As one of the main highlights, we published a paper on the IrtAB transporter in Nature. IrtAB is an unusual ABC exporter, which plays a major role in the uptake of iron-loaded siderophores in mycobacteria. In addition, it contains a cytoplasmic siderophore interacting domain (SID) responsible for iron reduction and intracellular release. We obtained a 6.7 Å cryo-EM structure of full-length IrtAB and in addition solved high resolution crystal structures of the SID (1.7 Å) and the transporter devoid of the SID (2.7 Å). Together with biochemical and functional in vivo experiments, we were able to show that IrtAB indeed is a siderophore importer. The structure suggested that the SID is placed adequately to reduce membrane bound siderophores, an unexpected finding that was further supported by in vitro experiments. In a paper that is under revision at Nature Communications, we report on a cryo-EM structure of outward-occluded IrtAB in complex with its natural substrate mycobactin. Using site-directed mutagenesis, we identified a highly conserved histidine triad that is important for coupling transport to the ATPase activity of IrtAB. By employing double electron-electron resonance, we could show that IrtAB alternates between the outward-occluded and the inward-facing conformation and does not adopt an outward-facing conformation. These insights were of crucial relevance to formulate a novel transport mechanism that explains the molecular determinants of mycobactin influx mediated by an ABC transporter adopting an ABC exporter fold.
With regards to the siderophore exporters MmpL4 and MmpL5, we succeeded to determine a 3.1 Å cryo-EM structure of MmpL4 in complex with its natural substrate, desferrated mycobactin. In a series of functional experiments conducted with our collaborator Dr. Michael Niederweis (US), we could prove the functional importance of the novel mycobactin binding site for the export of mycobactins, but also the important reserve TB drug bedaquiline, which is effluxed by MmpL4 and MmpL5.
Further, we determined a combined X-ray/cryo-EM structure of the triacylglyceride exporter Rv1410, which works hand-in-hand with the lipoprotein LprG. The corresponding work published in Nature Communications describes molecular hallmarks of Rv1410 making it perfectly equipped to export apolar triacylglycerides.
One aim of our proposed work was to identify novel siderophore transporter components by Tn-seq. Unfortunately, we were scooped in this regards and changed our plans to study PE/PPE proteins, which have emerged as a poorly studied yet important class of proteins likely acting as porins in M. tuberculosis.

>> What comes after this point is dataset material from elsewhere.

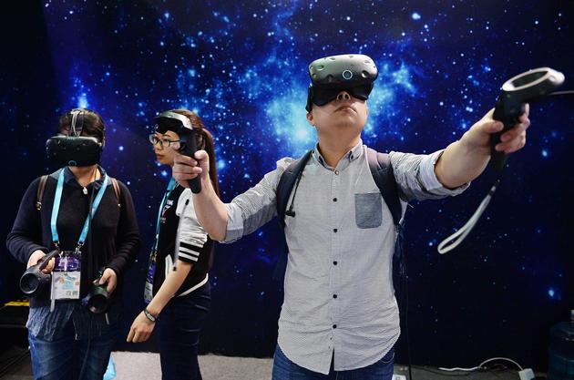 (一名用户在亚洲CES展会上体验虚拟现实)

Within this novel PE/PPE project, we have engineered a Mycobacterium smegmatis strains that produce elevated levels of PE/PPE proteins and continue to explore the uncharted territory of the mycobacterial outer membrane, called the mycomembrane.
This project bridged the disciplines of structural biology (in particular cryo-EM) with protein biochemistry and microbiology using a unique blend of techniques.

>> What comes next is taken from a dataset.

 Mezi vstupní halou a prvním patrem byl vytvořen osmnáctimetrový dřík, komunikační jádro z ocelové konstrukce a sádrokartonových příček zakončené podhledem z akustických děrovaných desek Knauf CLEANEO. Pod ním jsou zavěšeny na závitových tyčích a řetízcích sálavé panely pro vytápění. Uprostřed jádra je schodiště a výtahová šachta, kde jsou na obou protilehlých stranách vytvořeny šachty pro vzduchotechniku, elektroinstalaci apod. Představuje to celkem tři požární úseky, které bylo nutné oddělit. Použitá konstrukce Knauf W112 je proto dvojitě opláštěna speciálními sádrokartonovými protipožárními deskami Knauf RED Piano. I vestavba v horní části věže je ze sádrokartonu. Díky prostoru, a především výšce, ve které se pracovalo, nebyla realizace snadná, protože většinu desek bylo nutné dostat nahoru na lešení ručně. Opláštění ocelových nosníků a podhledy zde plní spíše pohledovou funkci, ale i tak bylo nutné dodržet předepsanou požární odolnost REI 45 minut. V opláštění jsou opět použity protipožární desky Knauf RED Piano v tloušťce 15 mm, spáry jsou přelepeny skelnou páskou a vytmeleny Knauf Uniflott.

Despite the fact that M. tuberculosis is one of the most extensively studied organisms, its complex cell wall as well as technical hurdles to purify and characterize mycobacterial membrane proteins has so far impeded the molecular investigation of siderophore transport. On the other hand, a number of excellent pioneering studies have shed light on genetic and functional aspects of mycobactin-mediated iron acquisition, upon which experimental work of this proposal built on. The project delivered unprecedented insights into proteins responsible for siderophore transport across the inner mycobacterial membranes. As a whole, the project shed light on the molecular mechanisms of mycobacterial membrane transport, which is a terra incognita and still awaits fascinating scientific discoveries. At the translational level, our research facilitates the development of novel cures to treat globally emerging multidrug resistant strains of M. tuberculosis.
The mycobacterial ABC exporter IrtAB imports and reduces mycobactins.